- Data shown -
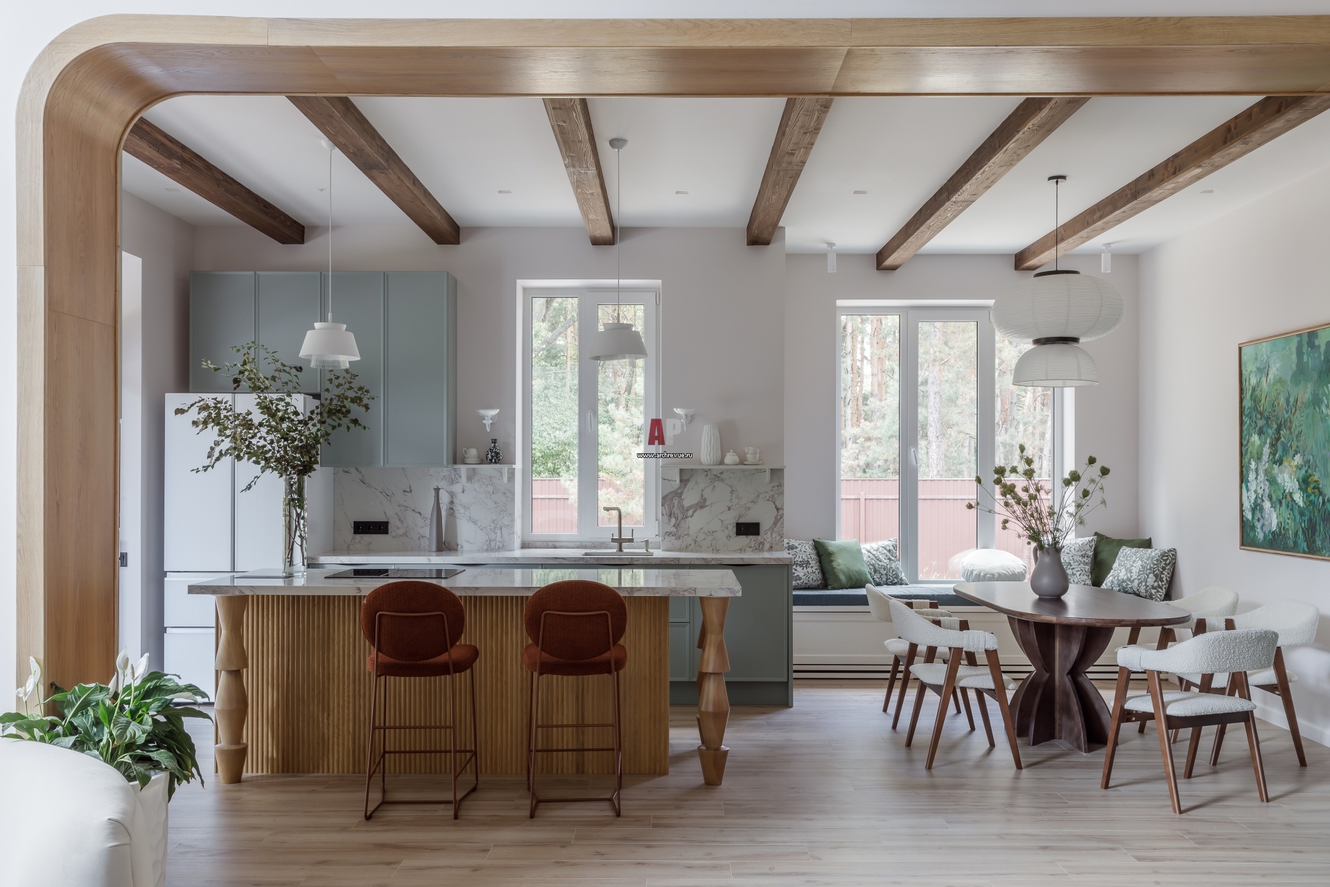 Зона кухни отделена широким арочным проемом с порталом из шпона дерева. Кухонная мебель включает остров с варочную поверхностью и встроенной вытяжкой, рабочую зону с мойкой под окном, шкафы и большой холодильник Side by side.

* * *

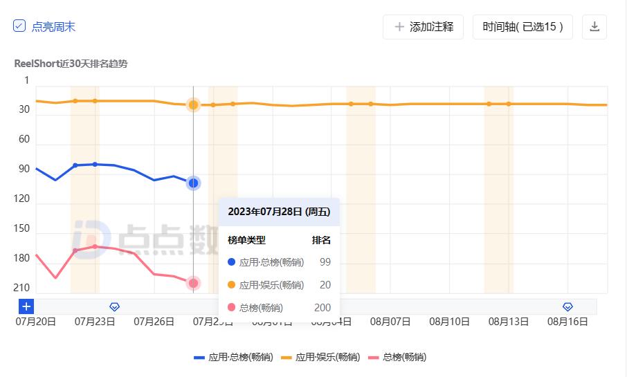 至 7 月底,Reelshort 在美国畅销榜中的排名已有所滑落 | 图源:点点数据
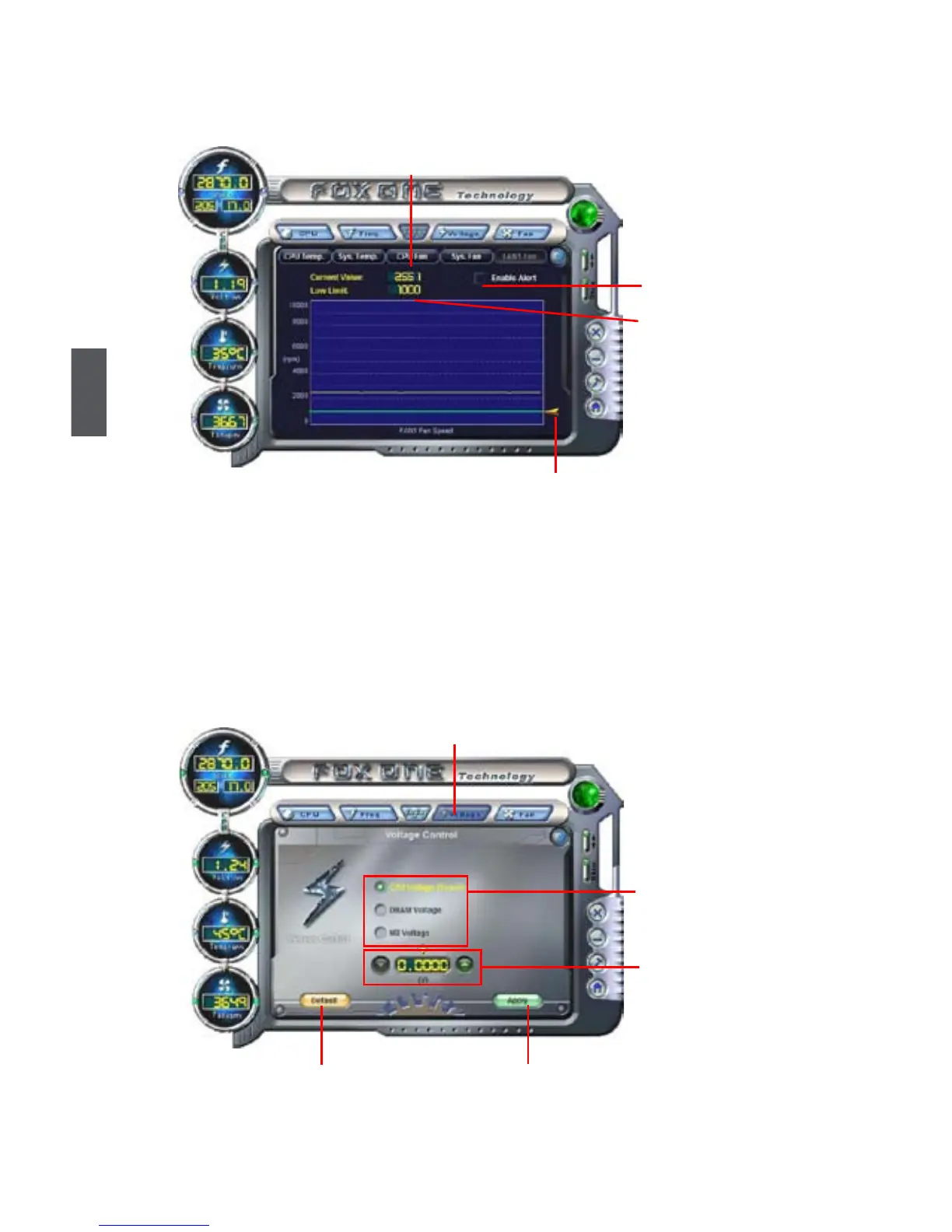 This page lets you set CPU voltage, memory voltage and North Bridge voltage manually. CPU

- Work to complete -
Extract the part of the records that opens with the line containing "至 7 月底,Reelshort 在美国畅销榜中的排名已有所滑落 | 图源:点点数据" and closes with the line containing "This page lets". Take only those lines, exactly, and no pictures.

- Written reply -
 至 7 月底,Reelshort 在美国畅销榜中的排名已有所滑落 | 图源:点点数据
 This page lets you set CPU voltage, memory voltage and North Bridge voltage manually. CPU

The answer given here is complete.